行動通訊網路之類神經乏晰無線資源配置機制

Abstract

為了支援多媒體服務之叢集性傳輸和異質性服務品質之要求，精確設計無線資源配置機制是必備的，藉以有效提升系統資源使用效率。現有文獻已指出，多媒體服務之特性為動態傳輸和多樣化傳輸需求，因此有必要應用智慧型技術來解決傳統無線資源配置問題。在本論文中，我們探討行動通訊網路中，應用類神經乏晰技術之無線資源配置機制。

我們首先探討分時多工行動通訊網路之無線資源配置機制。我們採用適應性網路式乏晰推論系統技術，提出一『乏晰資源配置控制器』。該乏晰控制器為雙層式架構，並挑選新連線需求之頻寬需求、未來換手連線之頻寬保留，以及空中介面效能為輸入語意變數，所以，此控制器可最大化行動多媒體網路之統計多工特點所衍生之頻寬增益。模擬結果顯示，乏晰資源配置控制器可有效降低換手失敗機率，但不會大幅增加塞機率。同時，與傳統機制相比，此乏晰資源配置控制器可確保服務品質，並且提升系統效能。

接著我們探討WCDMA系統之多速率傳輸控制機制。該多速率傳輸控制問題可模型化為一馬可夫決策鍊過程，而為了滿足服務品質並提升資源使用率之目的，傳輸成本採用服務品質為參數。我們應用『Q-learning』學習演算法來精確估算傳輸成本，因此設計了一『Q-learning式多速率傳輸控制』機制。此外，我們也採用特徵擷取法和RBFN類神經網路來解決Q函數近似問題，可以降低此機制之狀態空間和記體體需求，並且增進Q-learning之收斂特性。模擬結果顯示，Q-learning式多速率傳輸控制機制可提升WCDMA系統之系統容量、用戶滿意度，同時保證服務品質。

最後我們探討多細胞WCDMA通訊系統之封包接取控制機制，並且提出一『乏晰Q-learning式封包接取控制器』。該控制器包含一『乏晰Q-learning式剩餘資源預估器』，和一『封包速率排程器』。該剩餘資源預估器可依據負載狀態，精確預估系統剩餘資源；它選用自身細胞和相鄰細胞之接收干擾量為輸入語意變數，並採用感知式協調機制來將多細胞環境簡化為單細胞環境。該排程器則採用改良式指數型排程原則，有效地為非及時性用戶配置系統資源。模擬結果顯示，在同質性和非同質性多細胞WCDMA環境中，該乏晰Q-learning式封包接取控制器可有效降低封包錯誤率，並提升非及時性訊務之傳輸速率。

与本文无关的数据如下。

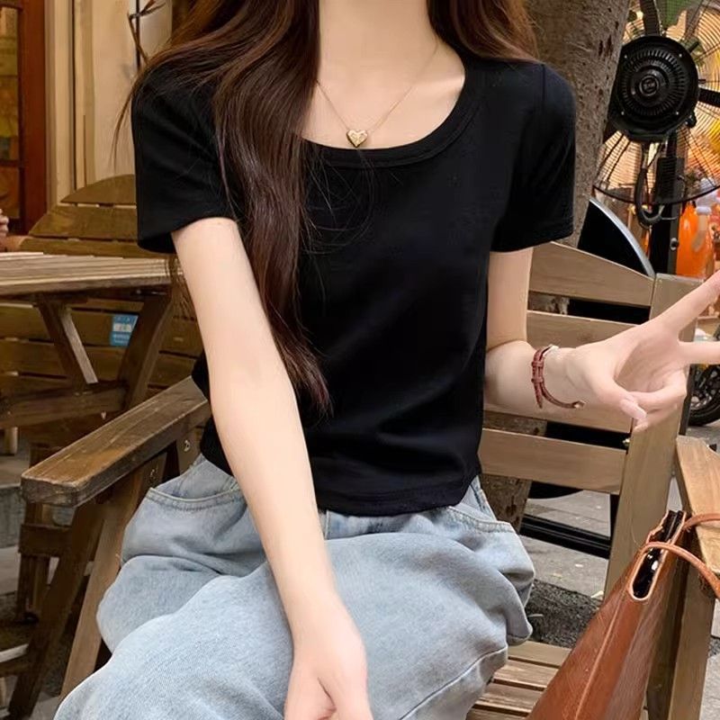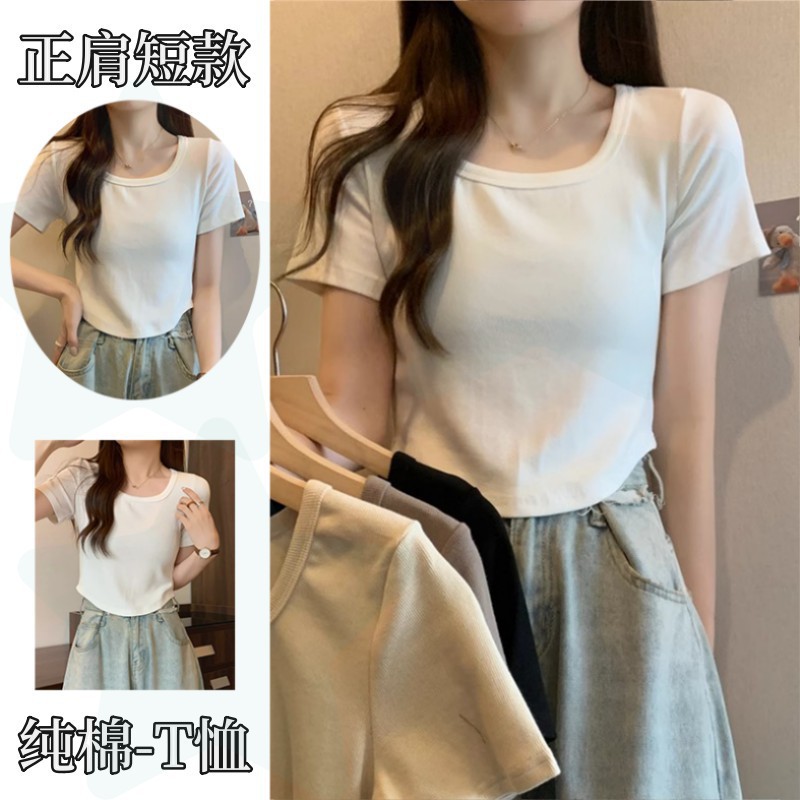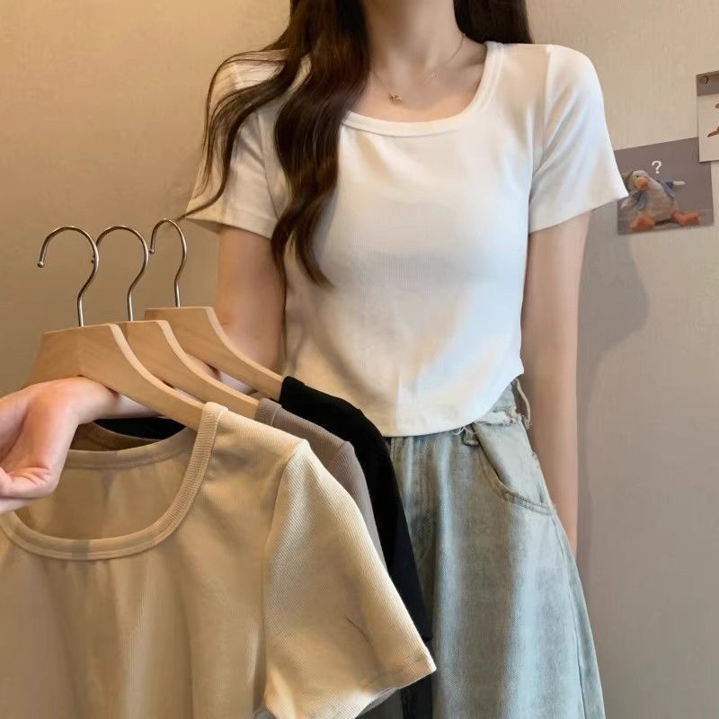 | nameOriginal | French Square Collar Shoulder Shirt Women's Short Summer Slim-fit Short-sleeve Niche Irregular Hem Chic Top |
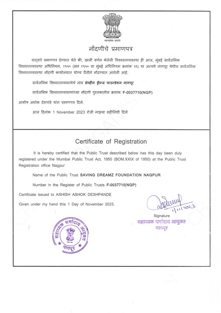 Saving Dreamz Foundation is a registered non-profit organization under the Mumbai Public Trust Act, 1950 (Registration No. F-0037710 (NGP)) working towards the holistic development of underprivileged children and communities in India. Established in 2021, the foundation focuses on key areas such as education, sports development, healthcare support, environmental awareness and youth engagement. Through its various initiatives, Saving Dreamz Foundation provides educational resources, school supplies, fee assistance and a study cum activity center for children from economically weaker sections. The organization also promotes sports like Rope Skipping and other fitness activities, enabling children to participate and achieve success at District, State and National Level Championships. The foundation actively organizes health camps, Blood Donation drives, TB awareness campaigns and Nutritional support programs, benefiting thousands of individuals. In addition, its environmental initiatives and waste management awareness sessions in schools and institutions encourage sustainable practices among communities. With impactful internship programs benefiting 500+ students from colleges across India, Saving Dreamz Foundation continues to inspire youth to contribute to social change. By combining Education, Sports, HealthCare and Environmental responsibility, Saving Dreamz Foundation is committed to empowering children, strengthening communities and building a brighter and sustainable future.
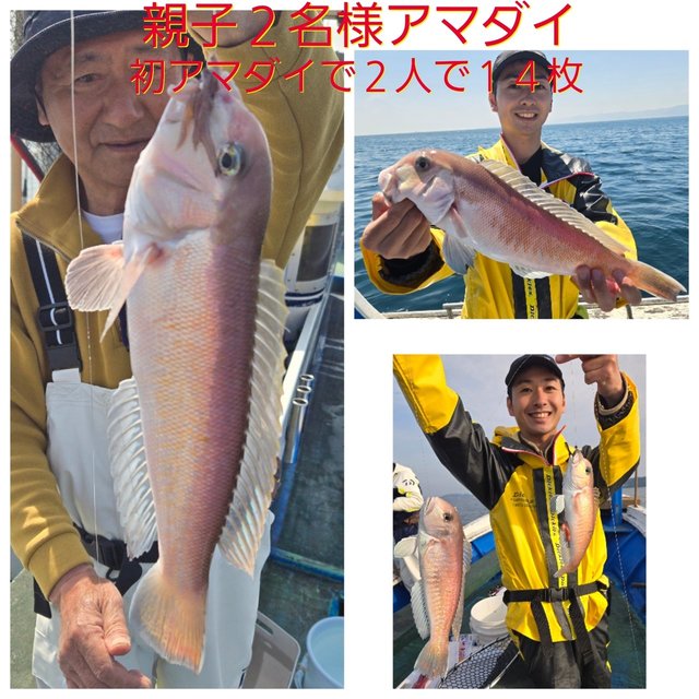 25~33cm 合計7匹 ハマチ 45~50cm 合計14匹 サバ 36~42cm 合計3匹 タイ 35cm 合計1匹 本日午前便は青物、アジ狙い、午後便はアマダイオンリーで出船しました。どちらも苦戦しましたがなんとか全員安打できて良かったです。ありがとうございました。また宜しくお願いします。
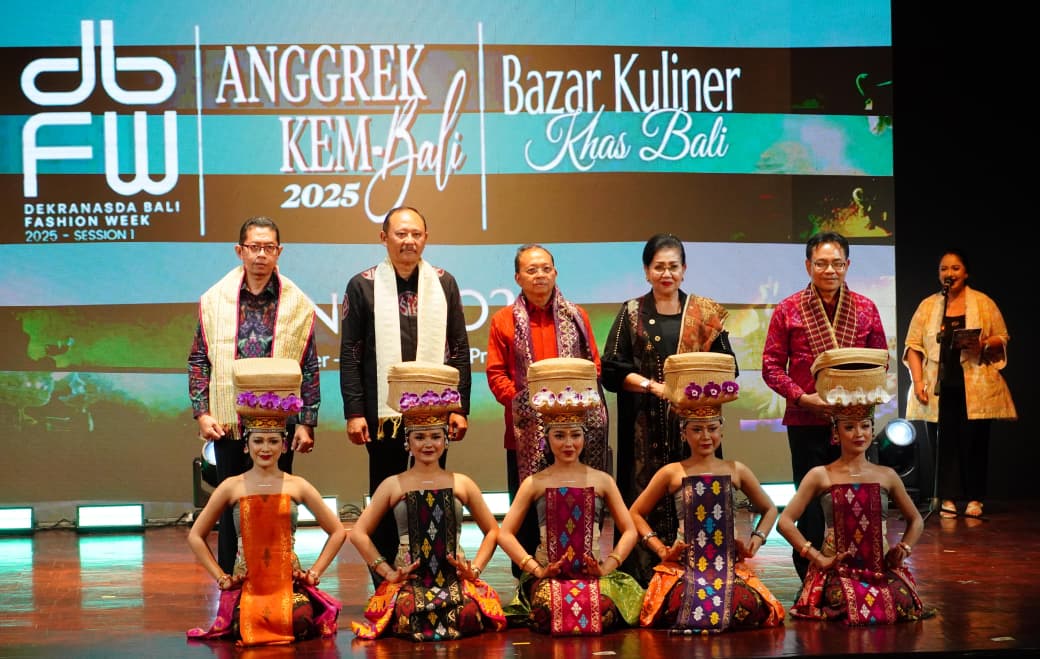 Dekranasda Bali Fashion Week 2025 dibuka secara resmi oleh Gubernur Bali Wayan Koster didampingi oleh Ketua Dekranasda Provinsi Bali Putri Koster, serta para kepala OPD terkait. Pembukaan ditandai dengan penampilan Tari Rupali dan prosesi simbolik nyuwun keben sebagai wujud penghormatan terhadap alam dan warisan budaya Bali. (sar/hmprov)
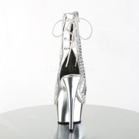 スチレットヒール 6 インチ (15.2 cm)、1 3/4 インチ (4.5 cm) クローム メッキ プラットフォーム オープンつま先またはかかとレースアップ バック足首ブート全室ディスコ ボール ミラー ジッパー閉鎖中の全体の上部をカバー(PF Open Toe/Heel Ankle Boot, Side Zip)
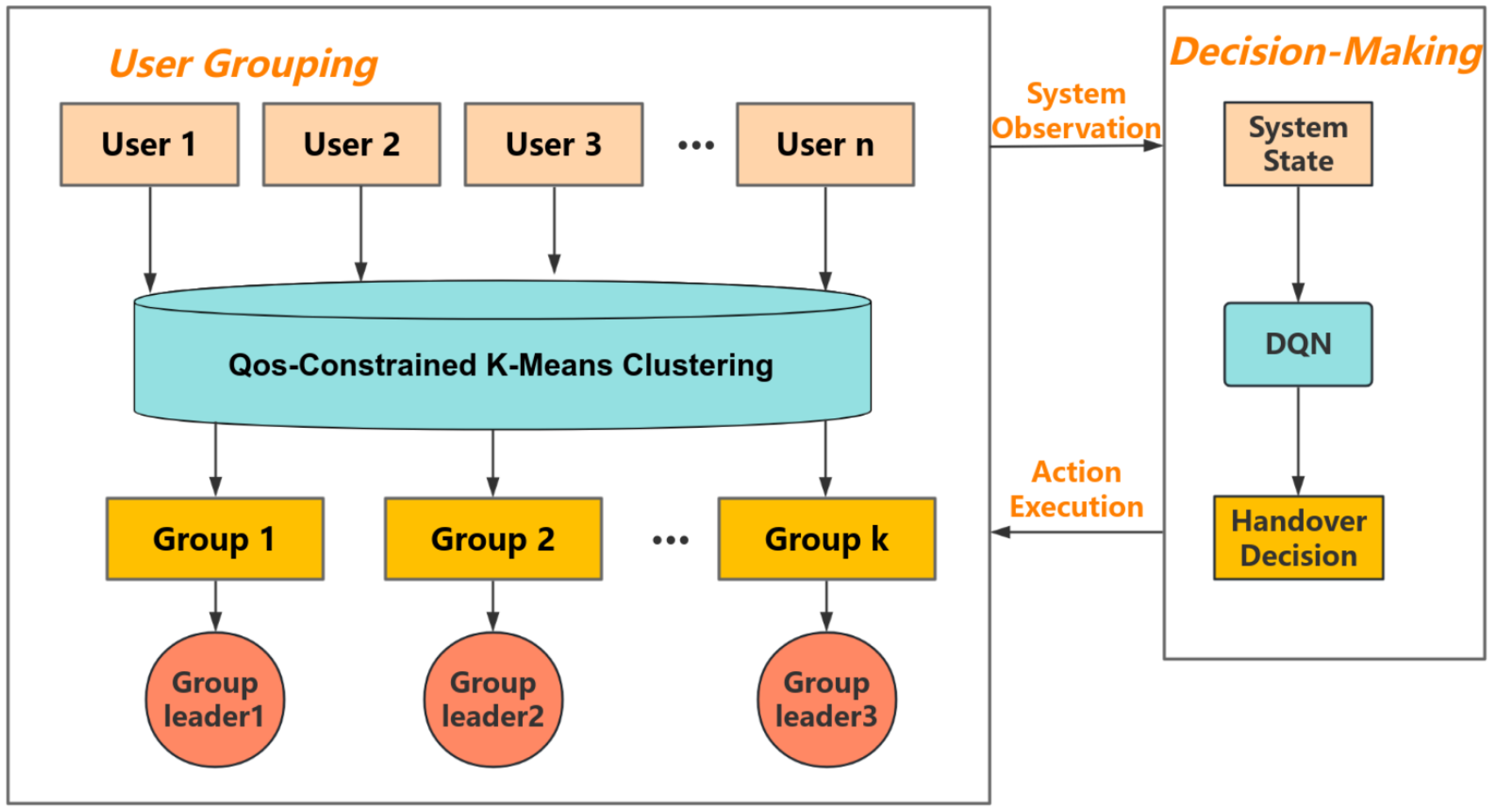 - Establishing a Hierarchical DQN-based group handover decision framework tailored to power IoT access: To address the state space explosion in scenarios with a large number of power IoT terminals transmitting periodic telemetry data and occasional emergency signaling, this paper designs a hierarchical decision architecture combining user clustering with DQN. At the start of each DQN round, user clustering is performed to select a cluster leader for each group. Subsequently, the cluster leader represents the entire group for DQN training and decision-making. This approach significantly reduces computational complexity and signaling overhead, enhancing the algorithm’s computational efficiency and scalability when supporting long-term and large-scale power system communications over LEO satellite networks.
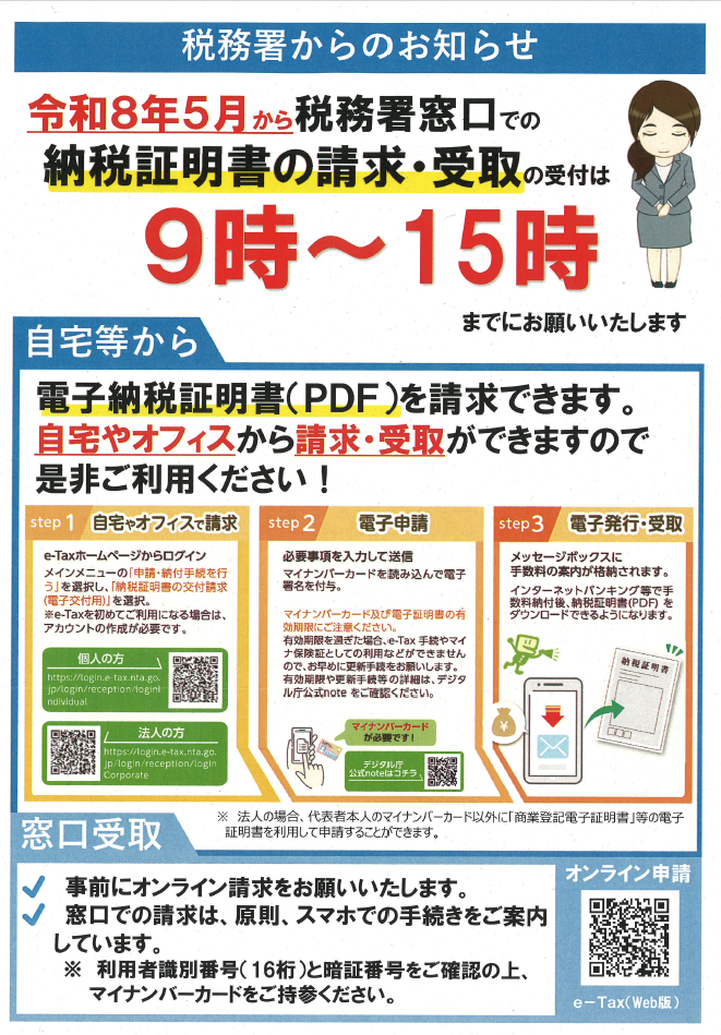 納税証明書の窓口受付時間が「9時~15時」に短縮されます。

To support bursty-transmission and heterogeneous quality of services (QoS) requirements for multimedia services, a well-designed sophisticated radio resource allocation scheme is required to effectively enhance the system utilization. Research has shown that the non-stationarity of work-loads, together with heterogeneous traffic characteristics and QoS constraints of multimedia services, constitute the necessity for applying intelligent techniques in future mobile multimedia networks. In this dissertation, the radio resource allocation schemes by using neural/fuzzy techniques for mobile communication networks are studied.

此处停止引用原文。